What the task asks
Lift out, unaltered, the lines of the material below between the line holding "Elevación del hemidiafragma" and the line holding "综合视频和当事女子的微博,事", counting both.

Provided records
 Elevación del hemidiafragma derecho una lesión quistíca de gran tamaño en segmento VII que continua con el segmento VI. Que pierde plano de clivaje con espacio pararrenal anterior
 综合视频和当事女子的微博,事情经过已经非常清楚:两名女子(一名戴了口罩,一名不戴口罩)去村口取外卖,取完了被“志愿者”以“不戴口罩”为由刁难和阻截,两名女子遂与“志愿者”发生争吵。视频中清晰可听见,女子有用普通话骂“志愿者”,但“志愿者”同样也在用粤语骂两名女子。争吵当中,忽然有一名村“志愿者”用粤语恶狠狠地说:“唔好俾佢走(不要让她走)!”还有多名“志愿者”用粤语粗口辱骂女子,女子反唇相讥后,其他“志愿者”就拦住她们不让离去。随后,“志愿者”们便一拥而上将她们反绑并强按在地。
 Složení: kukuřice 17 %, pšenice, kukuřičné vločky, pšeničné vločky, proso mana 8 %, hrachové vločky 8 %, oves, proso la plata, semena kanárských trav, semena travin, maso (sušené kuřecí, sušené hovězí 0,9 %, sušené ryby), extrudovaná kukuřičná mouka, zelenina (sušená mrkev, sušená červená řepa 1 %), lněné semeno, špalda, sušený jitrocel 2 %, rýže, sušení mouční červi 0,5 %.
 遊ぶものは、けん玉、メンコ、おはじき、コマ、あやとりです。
--
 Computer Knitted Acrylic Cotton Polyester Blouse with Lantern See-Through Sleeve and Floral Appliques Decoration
==
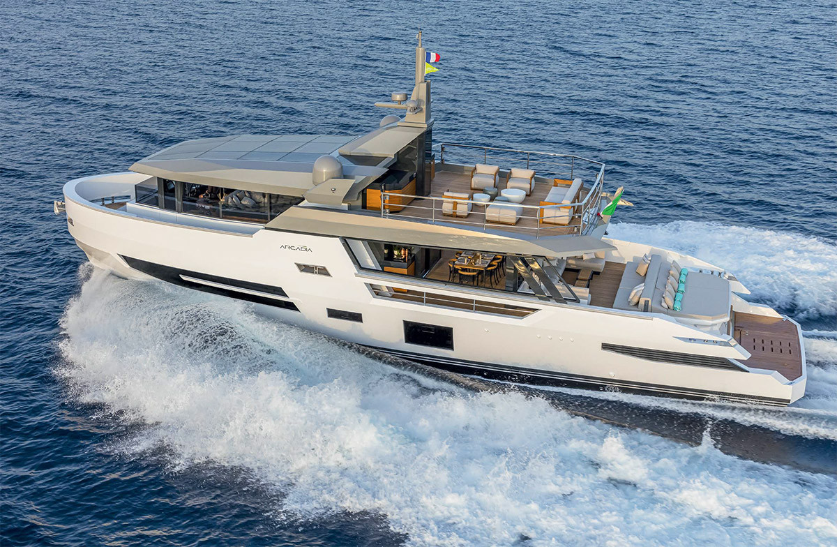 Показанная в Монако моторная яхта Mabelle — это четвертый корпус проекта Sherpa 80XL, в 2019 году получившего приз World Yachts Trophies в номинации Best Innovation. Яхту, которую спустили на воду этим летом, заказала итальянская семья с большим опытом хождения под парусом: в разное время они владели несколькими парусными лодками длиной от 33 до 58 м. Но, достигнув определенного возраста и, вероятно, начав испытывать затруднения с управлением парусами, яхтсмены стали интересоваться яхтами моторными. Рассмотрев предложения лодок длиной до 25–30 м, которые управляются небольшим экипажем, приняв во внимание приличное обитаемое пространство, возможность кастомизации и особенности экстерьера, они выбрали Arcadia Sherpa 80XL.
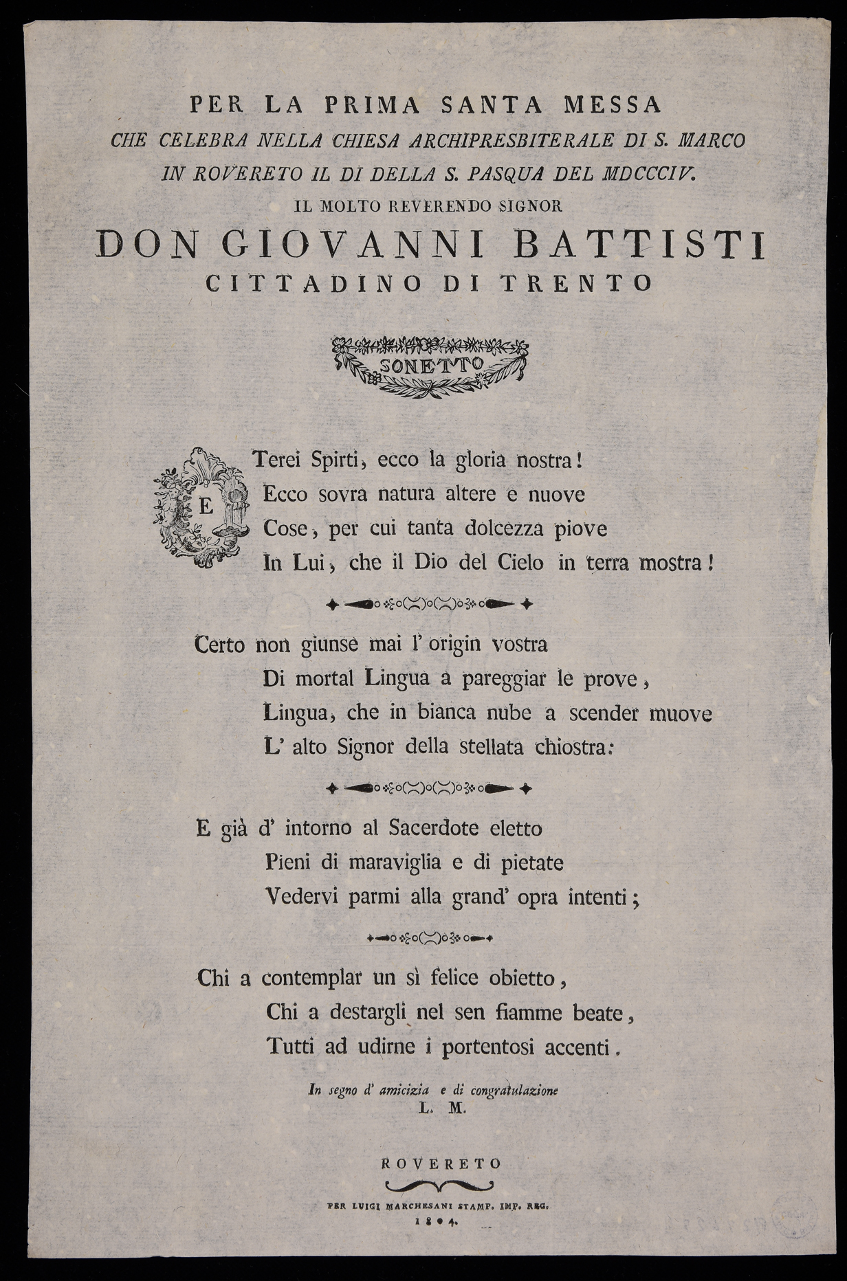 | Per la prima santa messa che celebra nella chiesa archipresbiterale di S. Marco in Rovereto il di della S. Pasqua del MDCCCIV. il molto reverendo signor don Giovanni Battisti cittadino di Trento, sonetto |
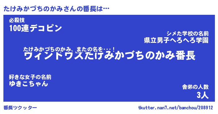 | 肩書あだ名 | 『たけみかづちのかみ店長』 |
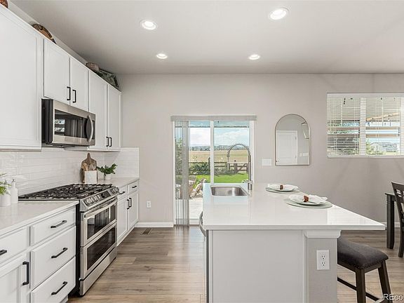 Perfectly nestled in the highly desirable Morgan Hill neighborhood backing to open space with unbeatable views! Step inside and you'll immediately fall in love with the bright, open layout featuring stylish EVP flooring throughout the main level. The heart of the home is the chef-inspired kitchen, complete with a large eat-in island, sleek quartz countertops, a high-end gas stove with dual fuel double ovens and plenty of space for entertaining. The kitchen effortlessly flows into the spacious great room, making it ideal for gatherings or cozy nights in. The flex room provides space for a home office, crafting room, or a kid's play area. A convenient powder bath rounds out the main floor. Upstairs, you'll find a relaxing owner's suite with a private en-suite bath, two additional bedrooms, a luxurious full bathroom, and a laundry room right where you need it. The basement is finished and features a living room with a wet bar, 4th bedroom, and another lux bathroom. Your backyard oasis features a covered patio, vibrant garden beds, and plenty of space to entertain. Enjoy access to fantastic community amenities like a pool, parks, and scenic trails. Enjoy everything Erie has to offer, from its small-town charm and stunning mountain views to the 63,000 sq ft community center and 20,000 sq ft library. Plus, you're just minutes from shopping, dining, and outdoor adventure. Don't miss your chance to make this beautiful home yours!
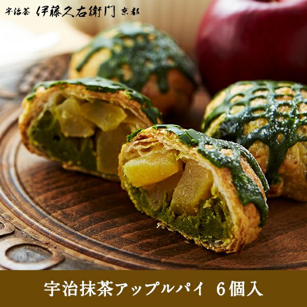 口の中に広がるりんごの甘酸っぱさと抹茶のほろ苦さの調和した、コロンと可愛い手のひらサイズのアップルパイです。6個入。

Problem solution
 Elevación del hemidiafragma derecho una lesión quistíca de gran tamaño en segmento VII que continua con el segmento VI. Que pierde plano de clivaje con espacio pararrenal anterior
 综合视频和当事女子的微博,事情经过已经非常清楚:两名女子(一名戴了口罩,一名不戴口罩)去村口取外卖,取完了被“志愿者”以“不戴口罩”为由刁难和阻截,两名女子遂与“志愿者”发生争吵。视频中清晰可听见,女子有用普通话骂“志愿者”,但“志愿者”同样也在用粤语骂两名女子。争吵当中,忽然有一名村“志愿者”用粤语恶狠狠地说:“唔好俾佢走(不要让她走)!”还有多名“志愿者”用粤语粗口辱骂女子,女子反唇相讥后,其他“志愿者”就拦住她们不让离去。随后,“志愿者”们便一拥而上将她们反绑并强按在地。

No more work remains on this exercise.